NSE chief executive Geoffrey Odundo

Kenya has termed the African Exchanges Linkage Project (AELP) which went live on Friday as a key driver to continental trade. 

The Nairobi Securities Exchange (NSE) boss Geoffery Odundo said it will propel market liquidity and trading growth while giving options to investors across the markets. 

"The cross-market platform will improve liquidity, offer greater incentives for privatisation, increase incentives for policy reforms and stabilise the region's financial infrastructure, "Odundo said. 

AELP is a flagship project of the African Securities Exchanges Association (ASEA) and the African Development Bank (AfDB)

The inter-connectivity platform enables the trading of exchange-listed securities across seven participating securities exchanges, for the first phase.

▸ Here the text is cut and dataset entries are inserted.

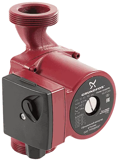 The Grundfos UPS 25-60 is another example of equipment designed for domestic use. This unit delivers a maximum head of 6 m and can pump up to 3.4 m³ of coolant per hour. It features a wet rotor and three speeds. It is used not only in heating systems but also in air conditioning systems.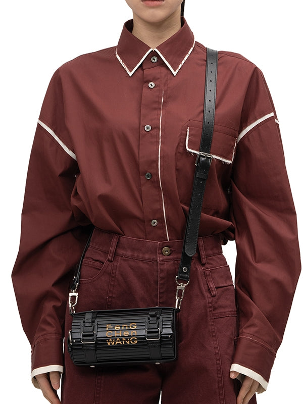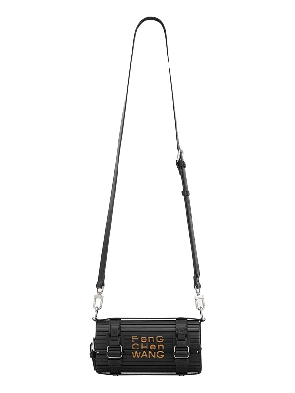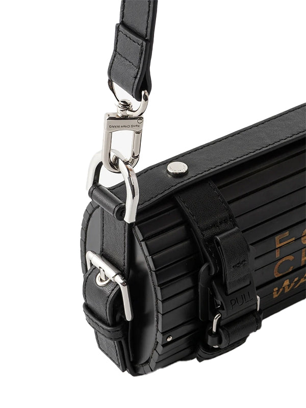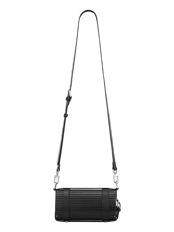 Bauletto cilindrico in bambù nero, con clip magnetiche per la chiusura e tracolla in pelle rimovibile.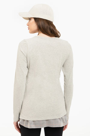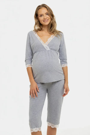Памучна нощница за бременни и кърмещи със ⅞-ми ръкави - сива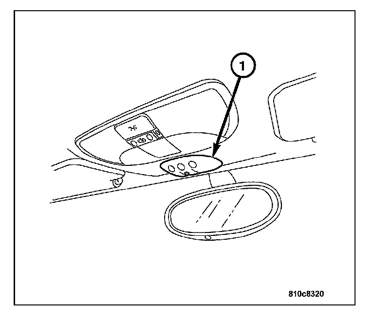 1. Install the Universal Garage Door Opener/Tire Pressure Monitor (1) by snapping it into the headliner.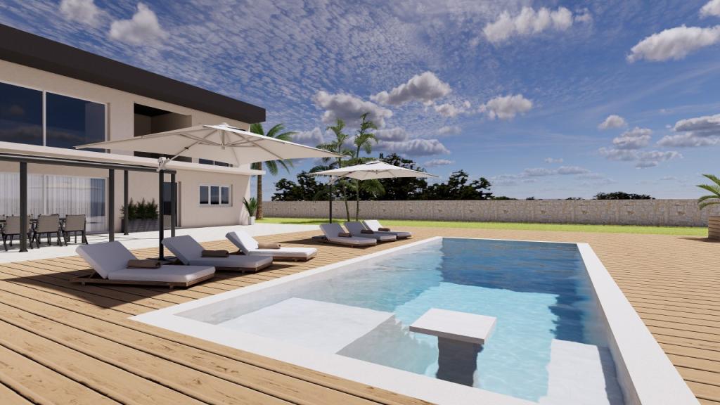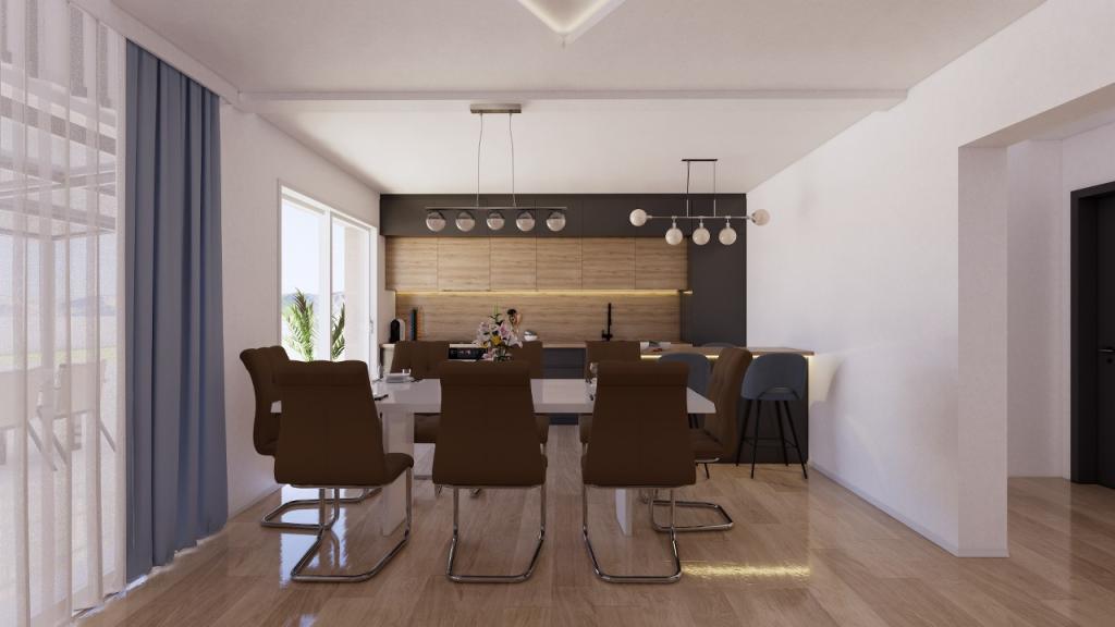 In the beautiful nature, on the place where you heard only birds is situated Villa Sky D. It is house for 6 + 2 people. There is a large heated swimming pool with terrace and a large private playground for children and adults. In the evening you can sit outside, grill and dinning in harmony of nature. In the Villa are 3 bedroom, each with own bathroom and balcony, modern kitchen with board for cooking, washing machine, fridge .... kitchen bar space open living room (with 2 beds / sofa) There are also toilet for all, with wash mashine for clothes; fitness .. Everthing is without steps and one roome is suitable for invalid because the bathroom is adjusted. Parking in front of the house and wifi are free. If you want to hear mucis or you are laut, that is no problem because the first house is 4 km distance. Split is 40 km, Makarska is 50 km. 12 km is place Omis with nice beaches and clear sea. Price is from 300 € - 450 € / night for all house. It depends on the date.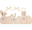 Naše sada obsahuje pět kusů vyrobených z rafie, překližky a MDF dřeva s dýhovanou přední stranou, které si můžete namalovat, nalepit nebo vyzdobit podle libosti. S šířkou 1,7 cm, výškou 10 cm a délkou 23 cm je tato jednostranně zdobená paráda ideální pro zdobení parapetů, poliček nebo stolů. Dvě rafiové mašle a dvě květiny k nalepení dodávají nakresleným obličejům zajíčků tu jistotu.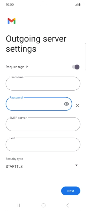Press the field below "Password" and key in the password for your email provider's outgoing server.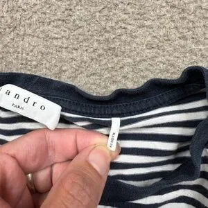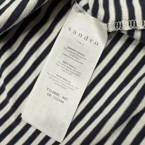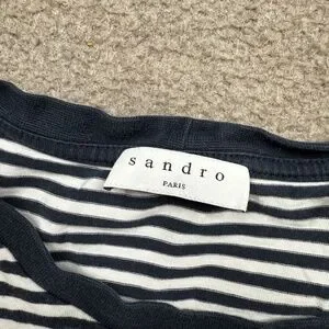 Sandro Paris Shirt Womens Medium M Black Short Sleeve Striped Crop
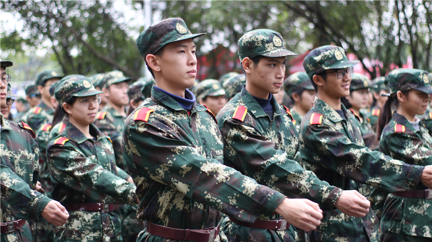 军训之所以让人回味无穷,是因为除了单调重复的训练,还有那么一群可爱的人儿陪伴着你。经过几天摸打滚跑的训练,同学们与教官之间已经积累了深厚的感情。一些教官由于个性和风格不同,也与大家碰撞出不同的火花。来自三营五连三排的教官自称“雷总”,便以其幽默风趣的言行和随和的性格,为同学们所喜爱。印象中的教官总是一本正经,时刻严肃;而他却正好相反。他自诩博学多才,当大家端正地站军姿时,他自个儿在一旁滔滔不绝地讲述他的“诗才”,还不忘吟诵某日诗兴大发得来的创作。在外面大风大雨,同学们纷纷转移到室内避雨时,他又主动扮演起面试官,在一场模拟面试中对应试者百般“刁难”。他先是让同学自我推销,又让他们推销汗血宝马,末了由于对他们的表现不够满意,还亲自上阵,手把手地教,让参与者直呼有趣过瘾。不同于“雷总”的大大咧咧,五连一排教官“老梁”则给人一种踏实感。他从不向学生发火,也鲜少惩罚,而是选择慢慢教导。他自有他的严格,他对于队列的要求是一丝不苟的;然而,对于学生,他总是默默关怀,会去询问有哪些身体不舒服的学生,也会提醒大家在寒冷的夜晚多加衣裳,俨然一位暖心的兄长。
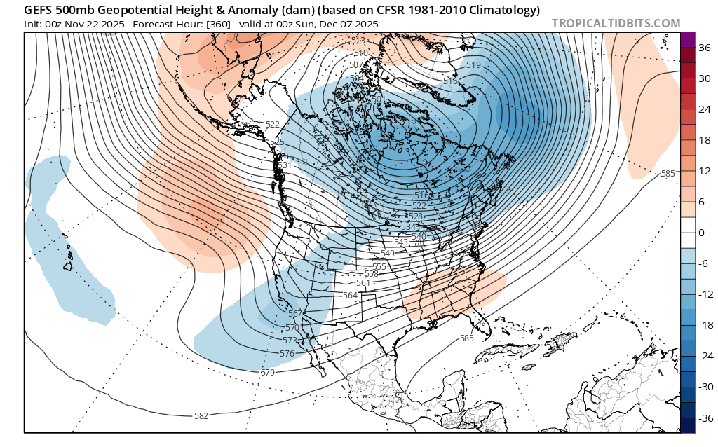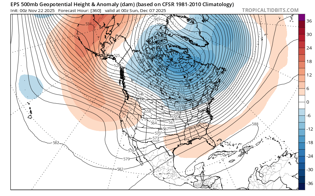 As has been discussed ad nauseam here, I don't believe there's anything to worry about regarding a colder and *potentially snowier* pattern setting up mid-December and beyond for the northeast. The SE ridge will be suppressed enough to allow the baroclinic boundary to slowly inch south and eastward towards the coast, the CPC map you shared is highlighting that (just compare weeks 3-4 to weeks 2-3). It won't happen in an instant, but the cold will try to bleed south into the northern Mid-Atlantic towards the second or third week of December which should offer chances of snow. The nuances in the flow are impossible to figure out at this point, hence *potentially snowy*. Fail mode is obviously if the -PNA overpowers any SE ridge suppression.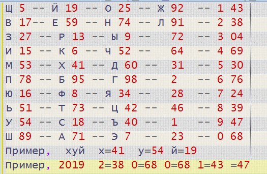 2)По таблице заменителю символов заменяем значение символа в цифровой код для шифровки.

These are West Africa’s regional Bourse Regionale des Valeurs Mobilieres (BRVM), Bourse de Casablanca (Morocco), Egyptian Exchange (EGX), Johannesburg Stock Exchange (JSE, South Africa), Nairobi Securities Exchange (NSE, Kenya), Nigerian Exchange Limited (NGX) and Stock Exchange of Mauritius (SEM).

The Botswana Stock Exchange (BSE) and Ghana Stock Exchange (GSE) will kick off the second phase of the AELP, with technical connectivity to the Link expected to commence in 2023.

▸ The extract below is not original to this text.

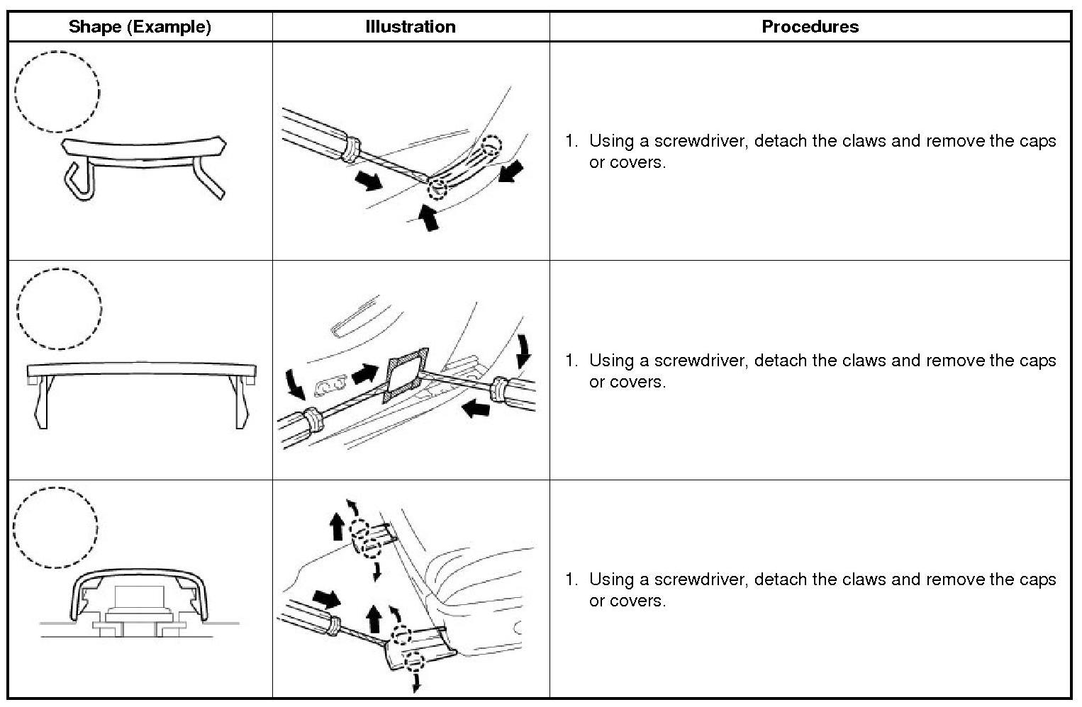 (1) The removal and installation methods of typical claws used for vehicle body parts are shown in the table below.

These markets control over 90 per cent ($1.25 trillion) of the continent’s market capitalisation.

Odundo added that trading infrastructure harmonisation through the link is expected to ease existing trading processes and potentially reduce the cost of trading across African capital markets.

The continent is warming up to the African Continental Free Trade Area (AfCFTA), a deal expected to create a continent-wide market embracing 55 countries with 1.3 billion people and a combined GDP of $3.4 trillion.

Its first phase, which took effect in January 2021, would gradually eliminate tariffs on 90 per cent of goods and reduce barriers to trade in services.

That could raise income by seven  per cent, or $450 billion, by 2035, reducing the number of people living in extreme poverty by 40 million, to 277 million, according to a World Bank. 

The AELP Link sends orders from a broker on one exchange to a sponsoring broker on the host exchange where the security is listed.

The sponsoring broker will then put an order into the host exchanges’ automated trading system.

The sponsoring broker will clear and settle trades in the host market using their local currency in compliance with the host market’s rules and practices.

Payment through bank transfers remains a separate process and will follow the current practice within the respective markets. In addition, stocks are held on the host market central securities depository.

According to ASEA, future phases of the project may include automated cross-border payment systems, participation of additional member countries and their respective brokers and additional brokers from the current participating exchanges.

In November 2018, ASEA received a grant of $980,000 from the Korea-Africa Economic Cooperation Fund via AfDB to facilitate the implementation of the project.

The new continental trade linkage is coming almost seven years after Kenya pulled out of the much-delayed World Bank East Africa market linkage project.

Uganda, Rwanda and Tanzania joined forces to implement a  project that aims to connect regional stock markets electronically so as to operate as a single market with a view of reducing the cost and time of trading in shares of companies listed on markets across the borders.

The project was financed by two IDA grants totaling $26.5 million comprising an original grant of $16 million, and an additional grant of $10.5 million.

Approved on January 31, 2011, it became effective on June 20, 2011, with an initial closing date of March 30, 2014. 

Even so, according to World Bank, the initiative closed six years and nine months behind schedule on December 31, 2020.

It could have seen investors in the three countries buy and sell shares of companies listed in any of the countries without going through different stockbrokers.

Pakistan-based InfoTech Private Ltd had been contracted to provide the software connecting the trading platforms of the Uganda Securities Exchange (USE), Dar es Salaam Securities Exchange (DSE) and Rwanda Stock Exchange (RSE) to enable them to run as a single market in real-time.

However, Kenya which runs the largest stock market in the region in terms of market capitalisation pulled out of the project in 2015 after expressing dissatisfaction with how the Pakistan firm was awarded the contract citing procurement irregularities.